Focus on the Job, Not the Customer. A different way to look at your  app - destraynor
http://blog.intercom.io/when-personas-fail-you/

======
jasonrr
There is a name for this approach to design. It's called Activity-Centered
Design , and Don Norman has written a bunch about it here:

[http://jnd.org/dn.mss/human-
centered_design_considered_harmf...](http://jnd.org/dn.mss/human-
centered_design_considered_harmful.html) and here:

<http://www.jnd.org/dn.mss/hcd_harmful_a_clari.html>

Highly recommended reading. I feel like it's a good sign that the community
keeps re-inventing this. It means that it has some real legs. Another great
example of our best practices slowly strangling good process.

------
bomatson
Thanks for this perspective.
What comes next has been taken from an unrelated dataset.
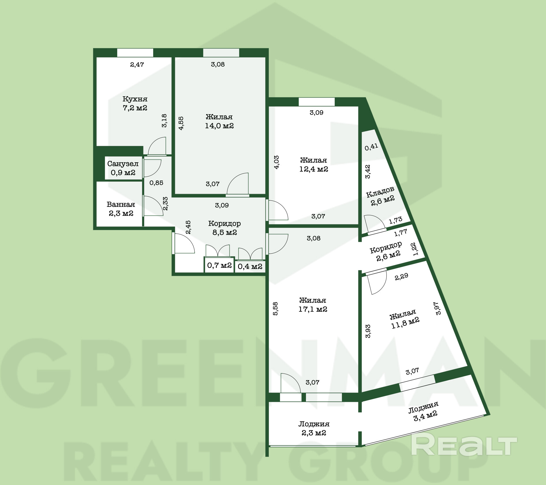 Входные двери в квартиру металлические, на полу линолеум. Окна квартиры выходят на две стороны дома: кухня, две комнаты- на западную сторону, проходная и маленькая комнаты – на восточную сторону. На окнах установлены стеклопакеты.

I would have loved to see this earlier, it could
have saved me a lot of wheel-spinning with personas (which are valuable in
limited cases)

------
hopeless
I don't much care for "personas" but I did enjoy filling in the blanks of the
template at the end.

And as subtle as it seems, I think there's a difference between "why do people
use your product?" and "why do people hire your product?". "Hiring" seems to
imply selection from multiple candidates, payment for (and an ongoing
involvement with) the product etc.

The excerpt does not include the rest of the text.